Chat GPT and the Meaning of Meaning.

In the last decade there has been an explosion of literature on Large Language Modules. The availability of Chat GPT-3 and Chat GPT-4 has created an interest in the topic for the general public. The resulting literature has to some degree led to a rehashing of age-old debates in philosophy which began with the onset of symbolic systems in the 1980’s. John Searle circa 1980 with his Chinese Room argument claimed that there was no reason that a syntactic system should automatically acquire semantic content. Searle had his critics such as Dennett’s 1991 Systems Objection. It is fair to say that most computer scientists took Dennett’s side in the debate.

                With the rise of Chat GPT and other LLM’s this debate has arisen again. But the debate is a bit different. Virtually nobody thinks that LLM’s are conscious agents. Furthermore, nobody thinks that as they stand, they exhibit artificial general intelligence. Nonetheless, a debate has begun as to whether as they stand, they exhibit any meaning. Leaving aside the question of “hallucinations” which sometimes occur when people use GPT; the answers which the device provide generally seem to be largely pragmatically coherent, syntactically well formed, and semantically coherent from the point of view of people interpreting them.
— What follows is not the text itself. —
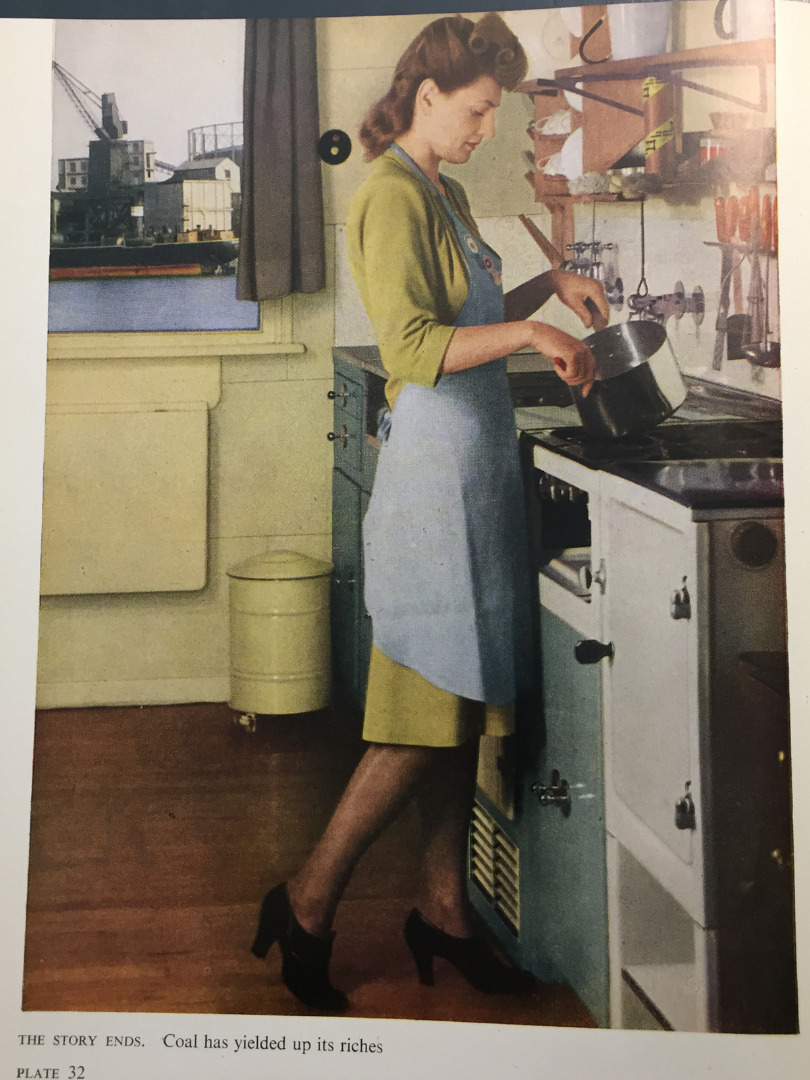 By the late-1940s a number of new council developments had been completed, which offered more space, better facilities and different forms of heating. In 1947 the Scottish writer Compton Mackenzie published The Vital Flame, a paean to gas, commissioned by the British Gas Council. Illustrated with 42 colour photographs, it celebrates the industrial, agricultural and domestic uses of gas power. Mackenzie describes a visit to a municipal block of flats, Kensal House in London, which provides ‘smokeless homes’ and is visited by architects and planners from all over the world (Mackenzie, 1947, p 34; see also plates 8, 28 and 32). Individual flats have gas cookers and water heaters and a ‘gas-ignited coke fire’ provides a cosy, but smokeless, fireside glow. Colour plates show the uniform, geometric lines of the exterior, as well as interiors such as a living room with slippers warming by the fireside (see Figure 1). The final plate is captioned: ‘The Story Ends. Coal has yielded up its riches’ and shows a woman cooking with gas and colour coordinated with her modern fitted kitchen, with a view of a gas power station through a window behind her (see Figure 2). The wealth that coal yields is gas.

                But despite users finding the models semantically interpretable; theorists argue that there is little reason to attribute any semantics to the systems. Now to evaluate this claim one needs to be explicit on what is meant by semantics in such discussions. There is a long tradition in linguistics, model theory, and philosophy to think of semantics in terms of a referential relation. Thus, the meaning of “Apple” is a physical apple in our intersubjective world of experience. The same would be true of other words in our language. On this conception LLM’s clearly have no semantics because they refer to no mind independent properties and objects. The story would go that there is a causal interaction between humans, their socio-linguistic community, and shared objects of experience as humans causally interact with their world and others. On this view it is blindingly obvious that Chat-GPT doesn’t have any semantics in the sense of a word world relation.
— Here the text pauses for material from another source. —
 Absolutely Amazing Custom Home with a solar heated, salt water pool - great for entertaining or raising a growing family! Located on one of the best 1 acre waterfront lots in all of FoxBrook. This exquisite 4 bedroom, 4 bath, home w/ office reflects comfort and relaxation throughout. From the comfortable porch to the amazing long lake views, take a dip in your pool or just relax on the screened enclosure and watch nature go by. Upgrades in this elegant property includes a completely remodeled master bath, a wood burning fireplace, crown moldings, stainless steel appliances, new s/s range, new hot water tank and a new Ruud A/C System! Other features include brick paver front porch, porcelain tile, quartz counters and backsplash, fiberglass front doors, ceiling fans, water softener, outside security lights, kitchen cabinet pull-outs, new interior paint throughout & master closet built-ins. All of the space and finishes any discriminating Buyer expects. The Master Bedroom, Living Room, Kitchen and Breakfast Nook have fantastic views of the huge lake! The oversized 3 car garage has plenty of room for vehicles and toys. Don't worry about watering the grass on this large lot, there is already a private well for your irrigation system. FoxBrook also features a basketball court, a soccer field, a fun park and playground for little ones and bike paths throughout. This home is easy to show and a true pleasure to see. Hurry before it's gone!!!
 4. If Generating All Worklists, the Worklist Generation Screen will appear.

                But semantics in the sense of referential semantics isn’t the sole criterion of semantics. Critics of referential semantics abound in the literature. Some critics such as Chomsky who do think of language as involving a representational system don’t think of language been explicable in terms of a referential relation (Chomsky 2000). While philosophers such as Quine have drawn similar conclusions using different arguments (Quine 1960). However, reference aside it is apparent that humans’ words clearly have meaning, even if this meaning cannot be accounted for in terms of a crude referential relation.  And if our words have a meaning without a crude referential relation then there is no reason to think that Chat GPT-4 or any other LLM needs to use a referential relation in order to mean something by what they say.
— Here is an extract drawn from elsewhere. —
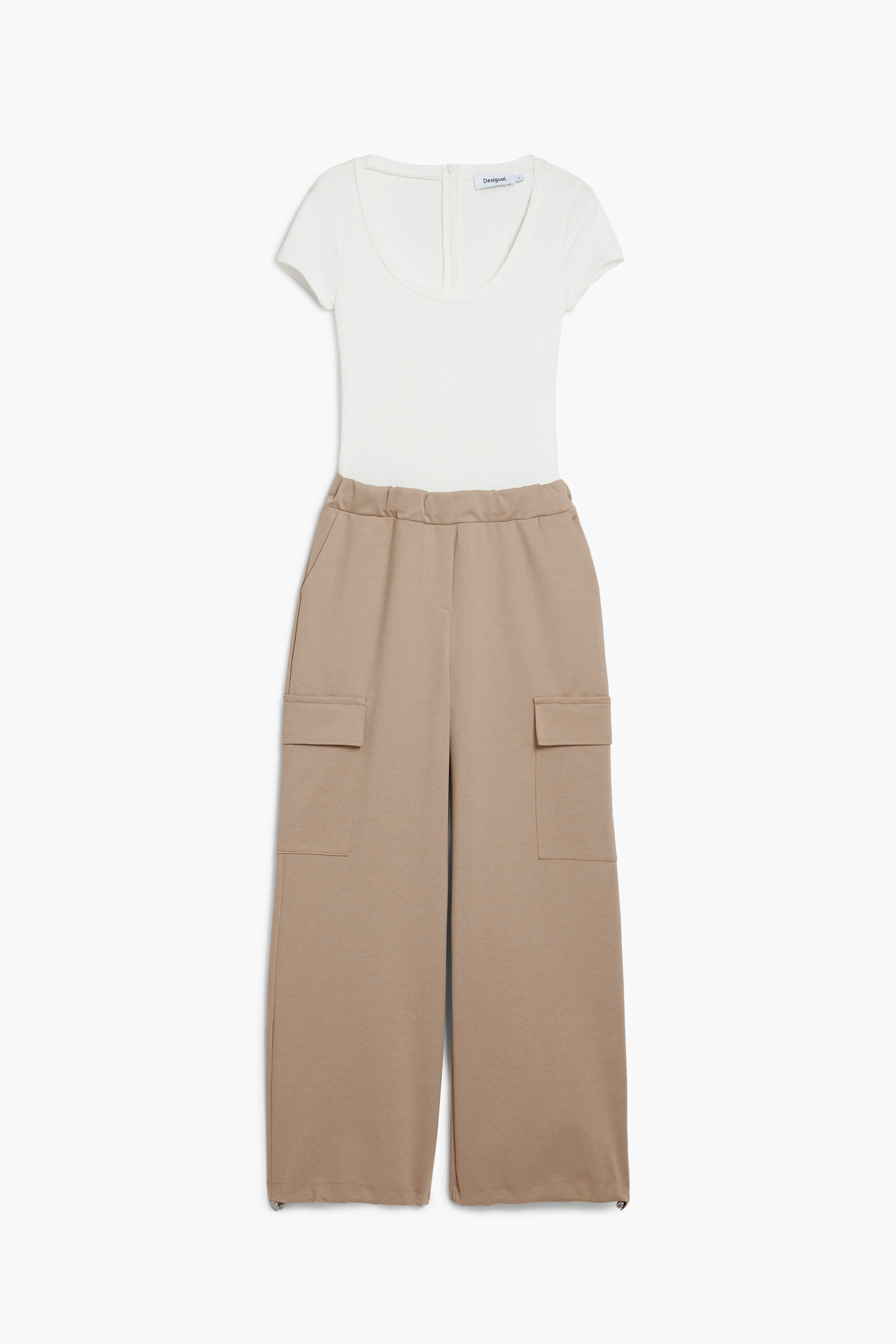 Tuta lunga bicolore con combinazione di tessuti effetto due pezzi, parte superiore liscia, a manica corta e collo rotondo e parte inferiore stile cargo.BicoloreFit: RegularCollo: rotondoManica cortaLunghezza: LungoVari tasche lateraliVita elasticaElastico regolabile sul fondo stile parachuteRealizzato con materiali sostenibiliCollezione AW25Progettato a BarcellonaPoliestere riciclato
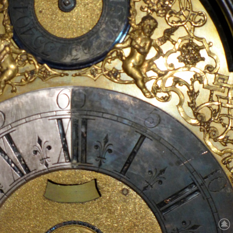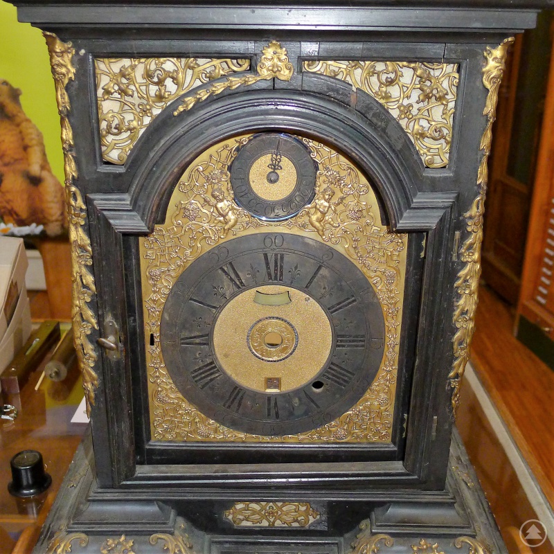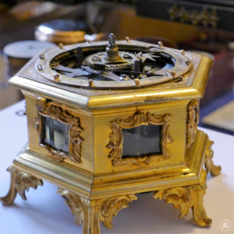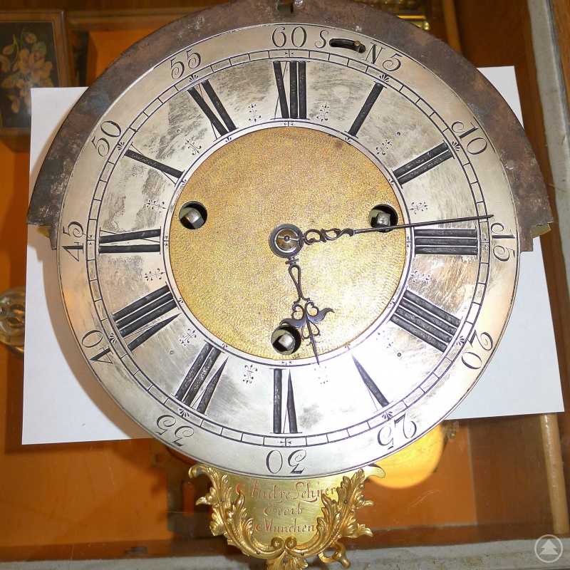 Tischuhrwerk von Andreas Lehner, Hofuhrmacher bei Kurfürst Karl Albrecht von Bayern 1730, 4/4 Schlagwerk mit Scherenpendel.

                Nonetheless there seems to be something almost perverse in attributing semantics to an unthinking Large Language Model. But as Sogaard (2022) has noted we need some concept of meaning to explain how we can differentiate between syntactically identical sentences such as (1) Colourless Green Ideas sleep furiously, (2) Happy Purple dreams dance silently.  We need something to decide what distinguishes these syntactically identical sentences. And a key candidate is the meanings of the individual words {however we parse meaning}. In the next section we will try to explicate what we mean by meaning and whether LLM’s exhibit meaning in any of the traditional senses of meaning.

                    Meaning as Reference.

                A commonsensical parsing of what people understand by meaning is that they understand it in terms of reference. Nonetheless, experimental philosophy has revealed some cultural variation on how people conceive of the reference relation (Deutsch 2009). However, while it is interesting to note cultural variation in how people intuitively understand the reference relation, the job of the philosopher is to evaluate the logical coherence of understanding meaning in terms of a reference relation.

                Obviously, there are a class of words which clearly cannot be cashed out in terms of a reference relation. Such words are grammatical particles such as “to”, “not”, “ing”, “s”, “ed”, “ing” which modify nouns and verbs. These particles obviously cannot be parsed in terms of a reference relation. The same is true of logical operators such as “And”, “Or”, “Not”, “If and Only If” etc. While any attempt to understand the grammatical particles in terms of a reference relation is defunct. Understanding the logical operators in terms reference seems equally hopeless unless one were to appeal to reference to some non-physical Platonic Realm.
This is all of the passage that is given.